Equitable Defenses in Patent Law

76 Pages Posted: 21 Oct 2020 Last revised: 18 Dec 2020

See all articles by Christa Laser

Christa Laser

Cleveland-Marshall College of Law

Date Written: September 3, 2020


In Merck & Co. Inc. v. Gilead Sciences Inc., a jury found Gilead liable for infringement of Merck’s patents directed to treatment for Hepatitis C and awarded Merck $200 million in damages. Three months later, however, the trial judge found that the patents were unenforceable under the equitable defense of unclean hands and rendered the damages verdict moot. In patent law, “unenforceability” carries immense force, limiting and in some cases barring all remedies for infringement of a valid patent. Five doctrines together make up the defense of “unenforceability” as it was incorporated into the Patent Act in 1952: laches, estoppel, unclean hands, patent misuse, and, according to some, inequitable conduct. Yet in the 70 years since incorporation of equitable defenses into the patent statute, the Supreme Court has not fully illuminated the reach of these equitable defenses. The Court denied certiorari in Merck & Co. Inc. v. Gilead Sciences Inc. in 2019 and sidestepped many salient issues on the equitable defense of laches in its opinion in SCA Hygiene in 2017. A significant question remains unanswered: In what contexts are equitable defenses available to bar damages at law? Several interpretive methods have been proposed for determining the reach of such generally worded statutes: Under a dynamic statutory interpretation like that proposed by Professor William Eskridge, courts would be permitted to develop such statutes in accordance with what the law ought to be. Under a traditional faithful agent approach, in contrast, courts would try to determine the scope as set forth by the legislature, piecing together context and history to frame limited words. The scope of equitable defenses in patent law is an ideal proving ground between these methods, having both historical background for use in traditional approaches and high-stakes social questions that factor into a dynamic approach—what conduct do we allow patentees to engage in before we cut off remedies for infringement on innovations that support our health and modern lifestyle?

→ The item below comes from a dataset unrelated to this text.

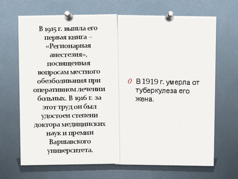 Слайд 5В 1915 г. вышла его первая книга – «Регионарная анестезия», посвященная

Setting the stage of the statutory interpretive battle, this article examines the historical and statutory bases of equitable limits on patent law, with a particular focus on the substantive equitable defenses of unclean hands and patent misuse. It contrasts the history of equitable defenses such as estoppel, which crossed fully into courts of law well before the merger of law and equity and the Patent Act, with equitable defenses such as laches, unclean hands, and misuse. It also explores inequitable conduct. The article walks through these defenses’ pre-codification roots and potential statutory interpretations and presents normative and constitutional considerations under the competing interpretive approaches. It also presents a surprising approach to inequitable conduct. This article is the first to provide a comprehensive framework for the analysis of equitable defenses in patent law.

Keywords: unclean hands, equitable defenses, law and equity, patent, patents, law, misuse, inequitable conduct, estoppel, laches, interpretive, dynamic, faithful agent

Suggested Citation

Laser, Christa, Equitable Defenses in Patent Law (September 3, 2020). Christa J. Laser, Equitable Defenses in Patent Law, 75 U. MIA. L. REV. 1 (2020), Available at SSRN: https://ssrn.com/abstract=3686120

Christa Laser (Contact Author)

Cleveland-Marshall College of Law ( email )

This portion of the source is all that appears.